§ **Instructions for the task**: Your answer must be the exact lines of the listing below that run from the line with "商品名称:意尚风情 2020新款·绣花水洗真丝四件套床单款贝芙丽(灰)" to the line with "Az önce biriyle", ends included, and no pictures.

Source information Block Start

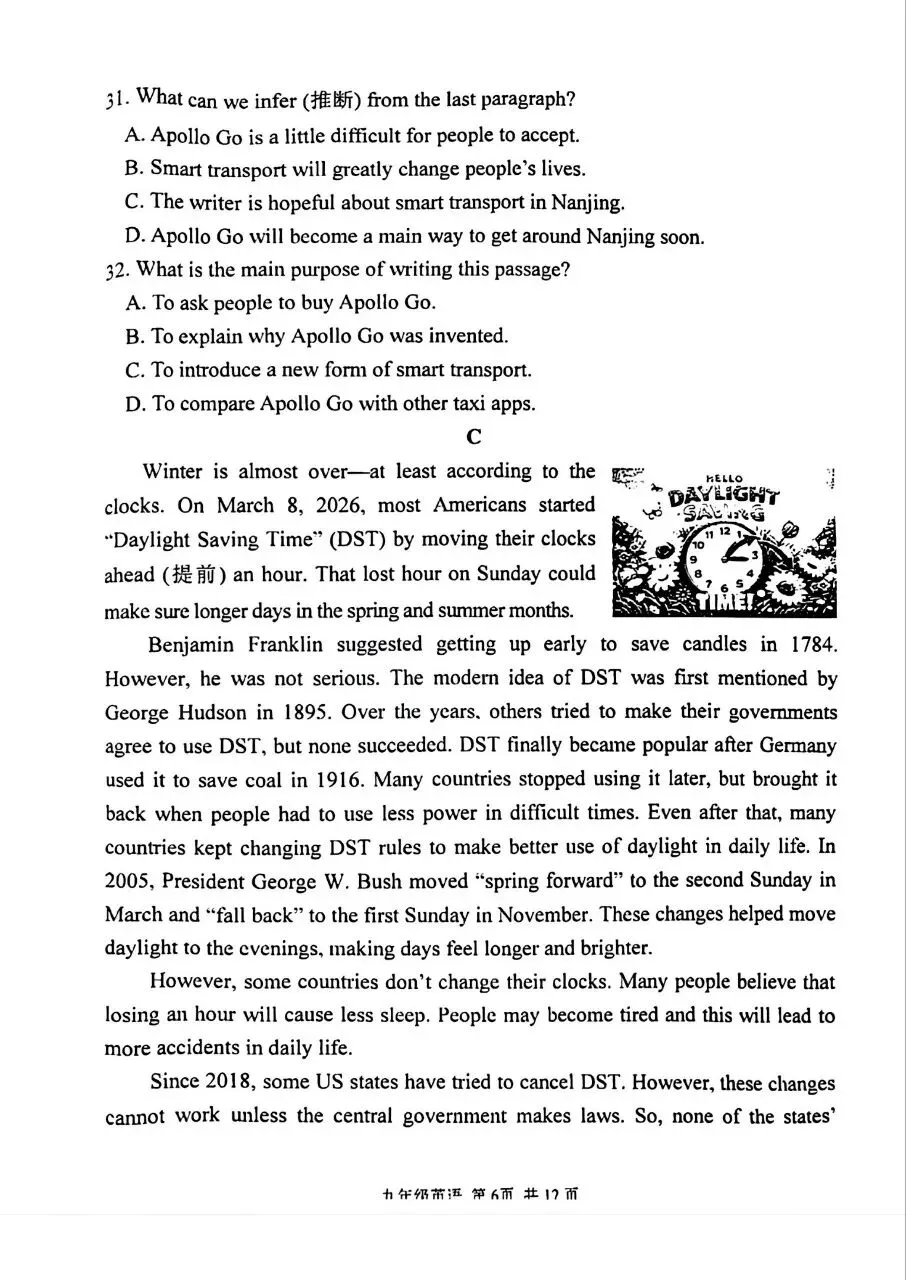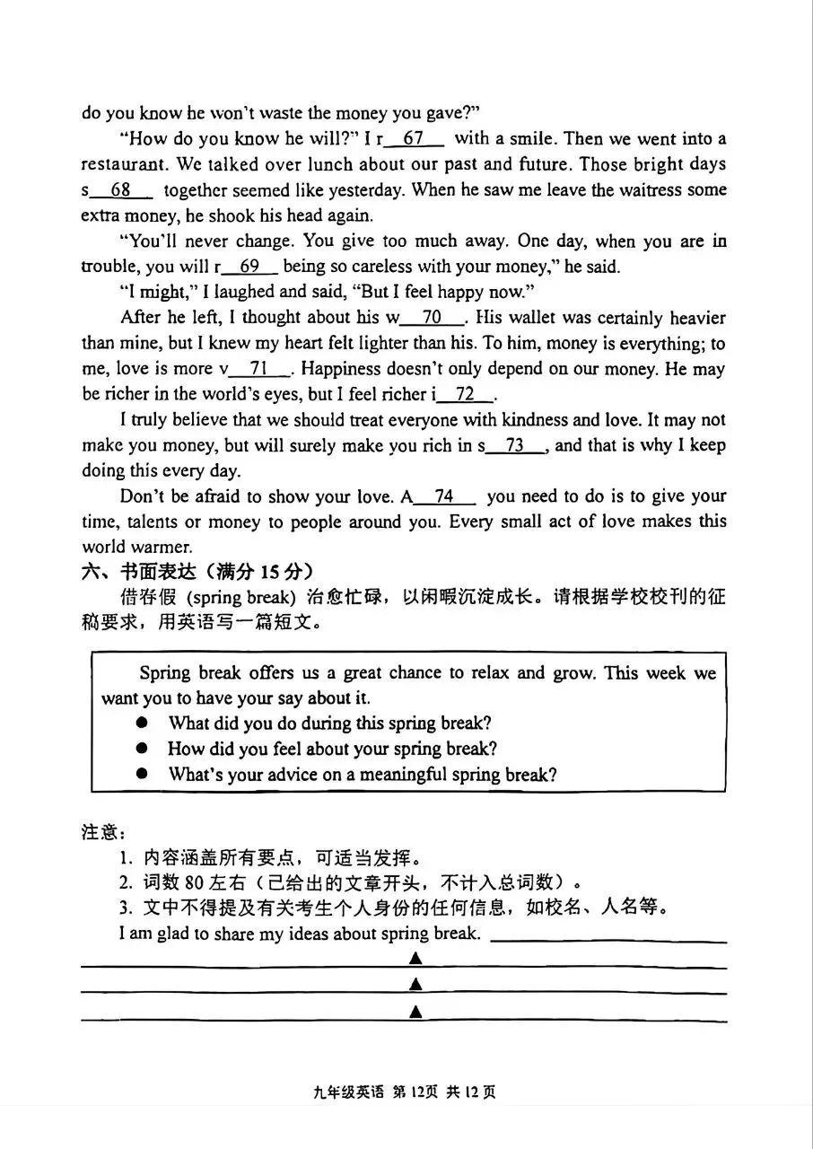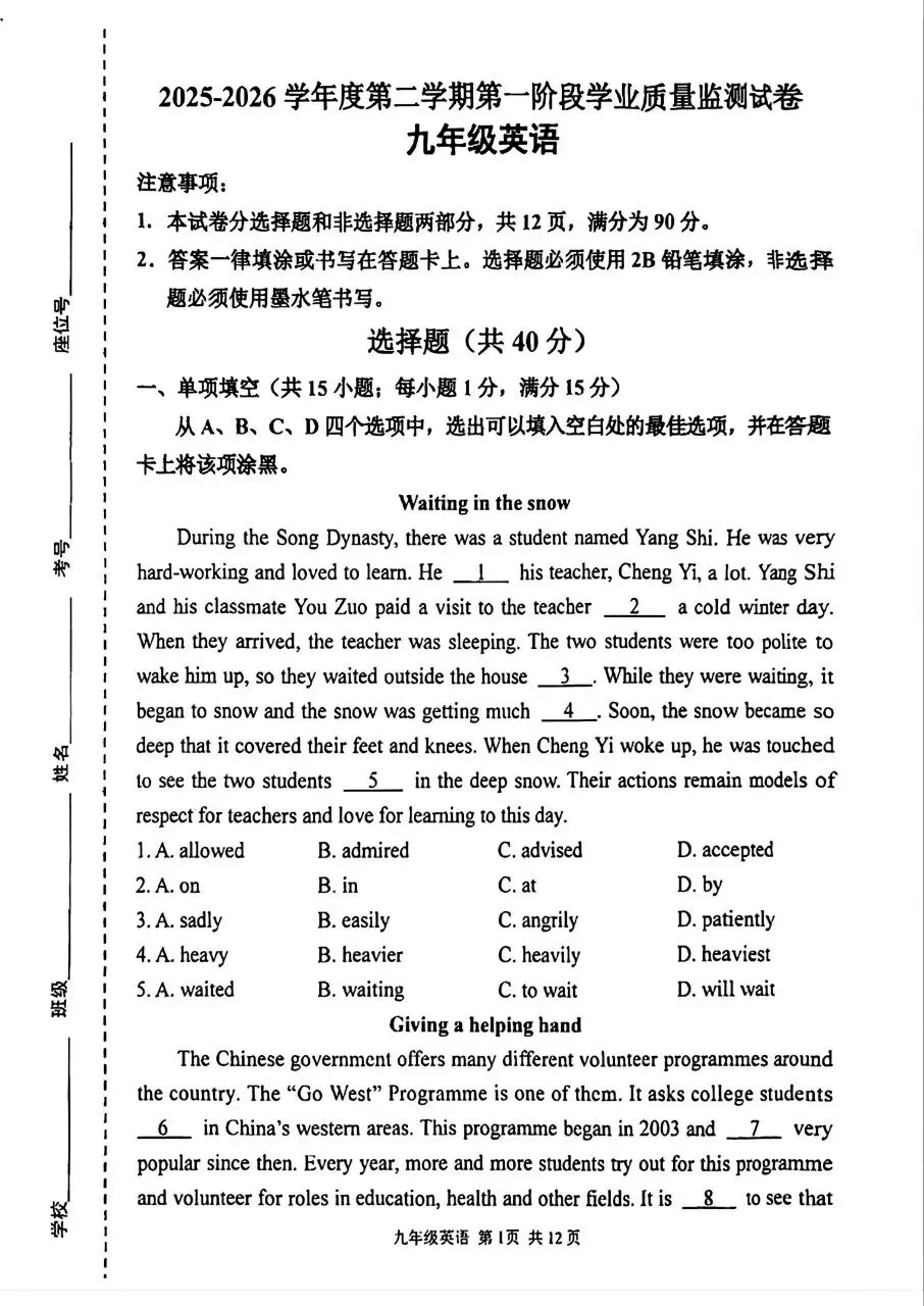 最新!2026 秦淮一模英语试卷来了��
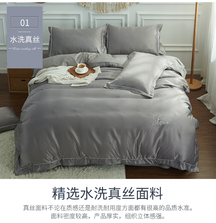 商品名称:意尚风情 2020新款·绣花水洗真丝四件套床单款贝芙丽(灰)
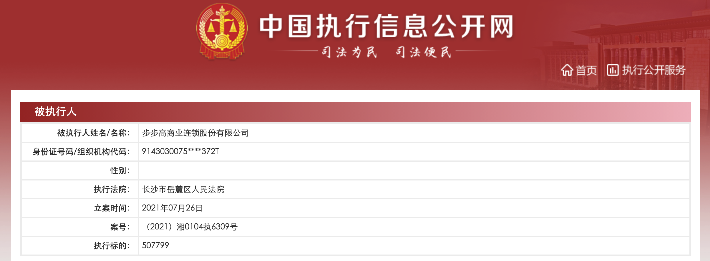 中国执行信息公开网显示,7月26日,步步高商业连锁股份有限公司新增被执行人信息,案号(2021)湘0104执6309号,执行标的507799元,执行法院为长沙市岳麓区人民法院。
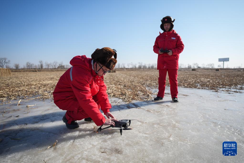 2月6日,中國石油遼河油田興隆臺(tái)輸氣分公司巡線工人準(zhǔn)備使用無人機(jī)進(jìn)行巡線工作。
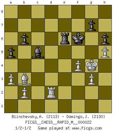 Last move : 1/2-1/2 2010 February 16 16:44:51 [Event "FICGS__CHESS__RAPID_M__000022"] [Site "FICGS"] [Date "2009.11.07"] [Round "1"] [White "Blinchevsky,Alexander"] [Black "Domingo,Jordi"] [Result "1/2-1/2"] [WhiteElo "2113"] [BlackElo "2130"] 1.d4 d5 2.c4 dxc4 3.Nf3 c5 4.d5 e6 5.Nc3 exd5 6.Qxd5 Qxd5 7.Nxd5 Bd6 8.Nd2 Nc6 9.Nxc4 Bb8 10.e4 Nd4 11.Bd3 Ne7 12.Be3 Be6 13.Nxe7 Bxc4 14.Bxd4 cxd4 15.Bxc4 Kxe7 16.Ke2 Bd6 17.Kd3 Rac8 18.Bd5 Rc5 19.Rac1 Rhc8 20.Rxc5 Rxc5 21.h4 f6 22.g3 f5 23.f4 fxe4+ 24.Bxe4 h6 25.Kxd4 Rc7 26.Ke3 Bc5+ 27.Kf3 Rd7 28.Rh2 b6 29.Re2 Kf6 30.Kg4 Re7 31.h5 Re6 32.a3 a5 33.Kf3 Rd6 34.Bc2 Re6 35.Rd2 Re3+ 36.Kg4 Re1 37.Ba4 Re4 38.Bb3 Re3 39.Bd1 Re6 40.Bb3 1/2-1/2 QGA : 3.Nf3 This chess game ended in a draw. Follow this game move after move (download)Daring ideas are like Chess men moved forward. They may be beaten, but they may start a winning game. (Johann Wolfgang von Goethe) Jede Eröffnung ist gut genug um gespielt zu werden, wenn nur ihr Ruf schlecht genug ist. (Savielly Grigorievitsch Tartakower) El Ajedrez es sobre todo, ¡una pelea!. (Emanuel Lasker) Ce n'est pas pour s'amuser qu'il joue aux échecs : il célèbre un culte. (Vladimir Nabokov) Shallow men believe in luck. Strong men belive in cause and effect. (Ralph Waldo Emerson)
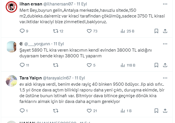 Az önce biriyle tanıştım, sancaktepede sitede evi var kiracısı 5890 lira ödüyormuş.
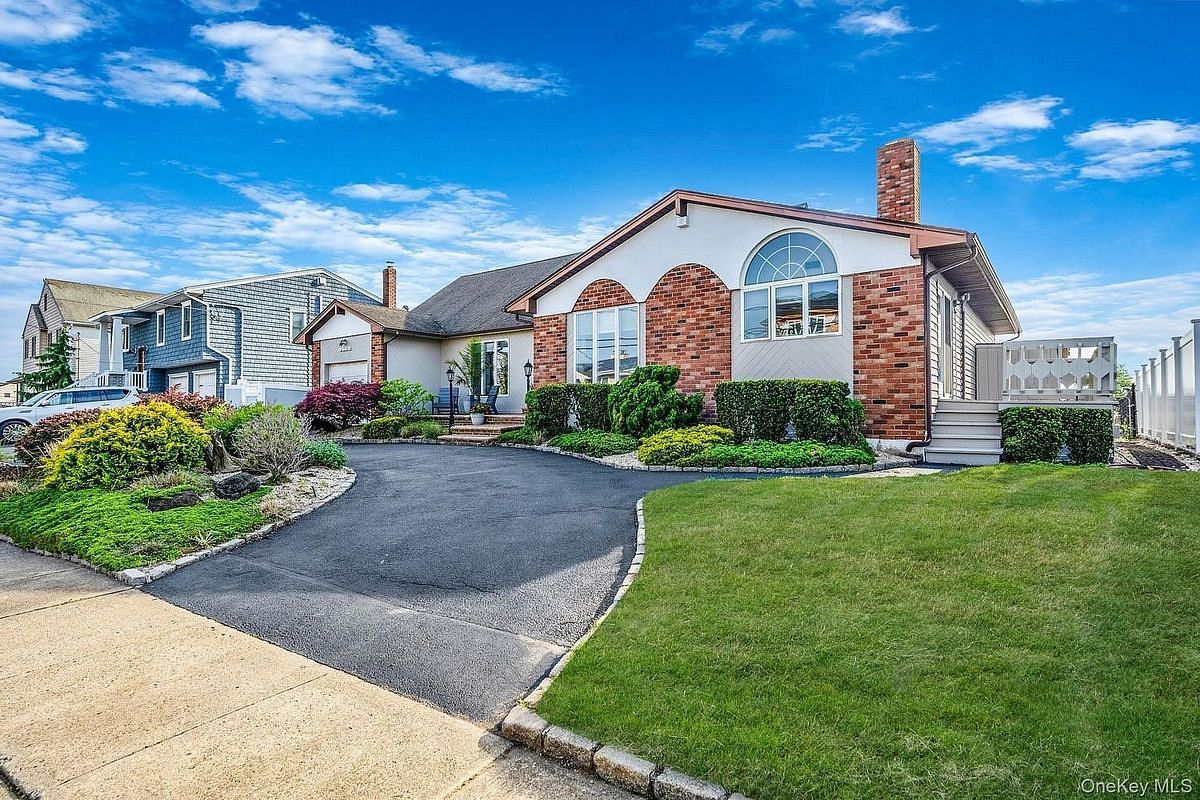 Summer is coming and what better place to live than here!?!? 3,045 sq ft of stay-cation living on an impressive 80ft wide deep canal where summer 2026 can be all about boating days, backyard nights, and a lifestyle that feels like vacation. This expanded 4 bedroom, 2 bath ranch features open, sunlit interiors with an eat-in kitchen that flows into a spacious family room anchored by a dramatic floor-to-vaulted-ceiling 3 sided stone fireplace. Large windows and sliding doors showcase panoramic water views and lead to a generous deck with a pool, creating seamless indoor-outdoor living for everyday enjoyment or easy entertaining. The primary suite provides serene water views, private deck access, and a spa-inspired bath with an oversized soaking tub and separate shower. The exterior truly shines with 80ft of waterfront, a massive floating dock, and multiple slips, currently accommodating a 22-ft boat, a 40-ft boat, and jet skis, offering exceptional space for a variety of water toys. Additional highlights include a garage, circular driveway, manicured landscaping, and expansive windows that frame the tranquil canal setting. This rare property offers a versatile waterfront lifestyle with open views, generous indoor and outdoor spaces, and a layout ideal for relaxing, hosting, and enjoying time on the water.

Source information Block End

§ **Reply**:
 商品名称:意尚风情 2020新款·绣花水洗真丝四件套床单款贝芙丽(灰)
 中国执行信息公开网显示,7月26日,步步高商业连锁股份有限公司新增被执行人信息,案号(2021)湘0104执6309号,执行标的507799元,执行法院为长沙市岳麓区人民法院。
 2月6日,中國石油遼河油田興隆臺(tái)輸氣分公司巡線工人準(zhǔn)備使用無人機(jī)進(jìn)行巡線工作。
 Last move : 1/2-1/2 2010 February 16 16:44:51 [Event "FICGS__CHESS__RAPID_M__000022"] [Site "FICGS"] [Date "2009.11.07"] [Round "1"] [White "Blinchevsky,Alexander"] [Black "Domingo,Jordi"] [Result "1/2-1/2"] [WhiteElo "2113"] [BlackElo "2130"] 1.d4 d5 2.c4 dxc4 3.Nf3 c5 4.d5 e6 5.Nc3 exd5 6.Qxd5 Qxd5 7.Nxd5 Bd6 8.Nd2 Nc6 9.Nxc4 Bb8 10.e4 Nd4 11.Bd3 Ne7 12.Be3 Be6 13.Nxe7 Bxc4 14.Bxd4 cxd4 15.Bxc4 Kxe7 16.Ke2 Bd6 17.Kd3 Rac8 18.Bd5 Rc5 19.Rac1 Rhc8 20.Rxc5 Rxc5 21.h4 f6 22.g3 f5 23.f4 fxe4+ 24.Bxe4 h6 25.Kxd4 Rc7 26.Ke3 Bc5+ 27.Kf3 Rd7 28.Rh2 b6 29.Re2 Kf6 30.Kg4 Re7 31.h5 Re6 32.a3 a5 33.Kf3 Rd6 34.Bc2 Re6 35.Rd2 Re3+ 36.Kg4 Re1 37.Ba4 Re4 38.Bb3 Re3 39.Bd1 Re6 40.Bb3 1/2-1/2 QGA : 3.Nf3 This chess game ended in a draw. Follow this game move after move (download)Daring ideas are like Chess men moved forward. They may be beaten, but they may start a winning game. (Johann Wolfgang von Goethe) Jede Eröffnung ist gut genug um gespielt zu werden, wenn nur ihr Ruf schlecht genug ist. (Savielly Grigorievitsch Tartakower) El Ajedrez es sobre todo, ¡una pelea!. (Emanuel Lasker) Ce n'est pas pour s'amuser qu'il joue aux échecs : il célèbre un culte. (Vladimir Nabokov) Shallow men believe in luck. Strong men belive in cause and effect. (Ralph Waldo Emerson)
 Az önce biriyle tanıştım, sancaktepede sitede evi var kiracısı 5890 lira ödüyormuş.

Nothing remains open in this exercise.